Blackhat (2015)

Directed by Michael Mann

Nicholas Hathaway, a furloughed convict, and his American and Chinese partners hunt a high-level cybercrime network from Chicago to Los Angeles to Hong Kong to Jakarta. As Hathaway closes in, the stakes become personal as he discovers that the attack on a Chinese nuclear power plant was just the beginning.

There's a certain blandness to this sub-Bourne, cyber-globetrotting neo-Western, and it is engaging chiefly through analysing what is sucking the energy out of the room and giving it its dreamlike hue. Strange inter- and intra-scene editing decisions bleed tension like those shot-to-pieces shipping containers — themselves overly symbolic of the anonymous and commodified nature of globalised trade. And when the team moves too fast from one catharsis to the next, the lack of rhythm feels like observing someone clapping out time with the music. Is part of the problem immanent in that many aspects of this film feel designed to be friendly to the international film market?

There admittedly remains a certain artistry to the whole affair that "ultimately elevates it above the level of the material", but given how weak the plot and dialogue is, this is, alas, not saying that much. It's of course very hard to avoid cringing at the misunderstood technical jargon, especially given that this was made in 2015 and thus recent enough to learn the lessons from Sorkin's script from The Social Network (2010) and a whole two decades after Hackers (1995) showed how the inherently uncinematic computer stuff might be successfully integrated into a movie.

Still, Norse god Chris Hemsworth looks pretty fantastic with his floppy hair and designer sunglasses, and I'll try and emulate his look the next time I read Foucault, Lyotard or Derrida.
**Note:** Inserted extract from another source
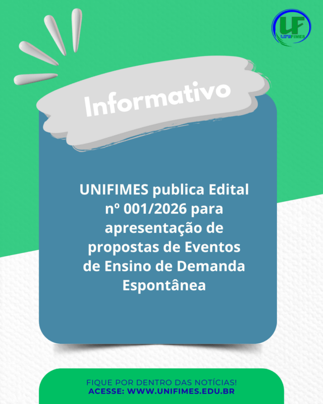 A Pró-Reitoria de Ensino, de Pesquisa e de Extensão (PROEPE), por meio da Diretoria de Ensino (DEN), do Centro Universitário de Mineiros – UNIFIMES, torna público o Edital/DEN/PROEPE/UNIFIMES nº 001/2026, que dispõe sobre a apresentação de propostas de Eventos de Ensino de Demanda Espontânea para o ano de 2026.
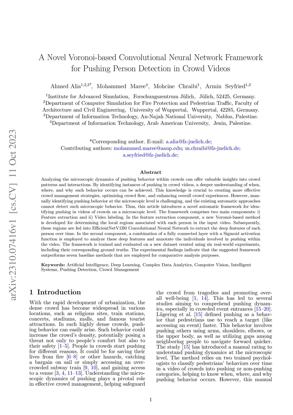 Analyzing the microscopic dynamics of pushing behavior within crowds can offer valuable insights into crowd patterns and interactions. By identifying instances of pushing in crowd videos, a deeper understanding of when, where, and why such behavior occurs can be achieved. This knowledge is crucial to creating more effective crowd management strategies, optimizing crowd flow, and enhancing overall crowd experiences. However, manually identifying pushing behavior at the microscopic level is challenging, and the existing automatic approaches cannot detect such microscopic behavior. Thus, this article introduces a novel automatic framework for identifying pushing in videos of crowds on a microscopic level. The framework comprises two main components: i) Feature extraction and ii) Video labeling. In the feature extraction component, a new Voronoi-based method is developed for determining the local regions associated with each person in the input video. Subsequently, these regions are fed into EfficientNetV1B0 Convolutional Neural Network to extract the deep features of each person over time. In the second component, a combination of a fully connected layer with a Sigmoid activation function is employed to analyze these deep features and annotate the individuals involved in pushing within the video. The framework is trained and evaluated on a new dataset created using six real-world experiments, including their corresponding ground truths. The experimental findings indicate that the suggested framework outperforms seven baseline methods that are employed for comparative analysis purposes.

Indeed, everyone seems to complain about how this film looks, but was anyone using their ears? There are a number of extremely poor overdubs that, with their different EQ and lack of ambient background noise, really take you out of the moment. Anyway, there is still a great film to be made about the Stuxnet worm, but I fear that "sentient A.I." has all the box office mindshare now.


The film’s title refers to the nominal distinction between white-hats and black-hats, those hackers supposedly serving the public good and those intent on seeding chaos for personal gain. Beyond its connection to the movie’s binary fixations, this terminology also conveniently borrows from the old-fashioned western, whose traditions are also consciously updated through a rollicking chase structure in which the one-time bad guy is given a second chance to make good, facing off against cheap shots and double-crosses from all sides.


Shooting fully in digital for the first time, Mann expands on the woozy handheld work that made Collateral and Miami Vice so tactile and entrancing, his camera collapsing the spaces between bodies and objects without sacrificing spatial coherence, creating an artfully abstract collective muddle as neatly structured systems collapse into one another.

Jesse Cataldo (Slant Magazine)


Mann no longer possesses (or no longer seems interested in flexing) the virtuosity required to make this onerous setup any more involving than the “Getting Started” tutorial for a new printer. [Still,] given that Mann acknowledged the impending death of film well before his peers, perhaps it’s only fitting that Blackhat should refuse to even suggest that the [geopolitical] status quo can possibly be restored. There’s a grim fatalism to this supposed thriller as it plants in a viewer the unsettling sense that it’s really only a matter of time before technology proves our undoing.

Curtis Woloschuk (Blackhat)


You flinch, not just because the sound effects are loud and the camerawork tactically "messy," but because these primordial actions are contrasted against the electronic violence carried out by unseen cyber-criminals.

Matt Zoller Seitz (


The problem, I think, is that Mann hasn’t reconfigured himself for his new milieu. The Neuromancer-like world of cyberspace would seem to be a natural home for God’s Loneliest Man circa 2015, but [M]ann would rather be coasting the canals or stewing over crime scenes. The definiteness of computers seems to stymie him. For all his digital resources, his existentialism is analog.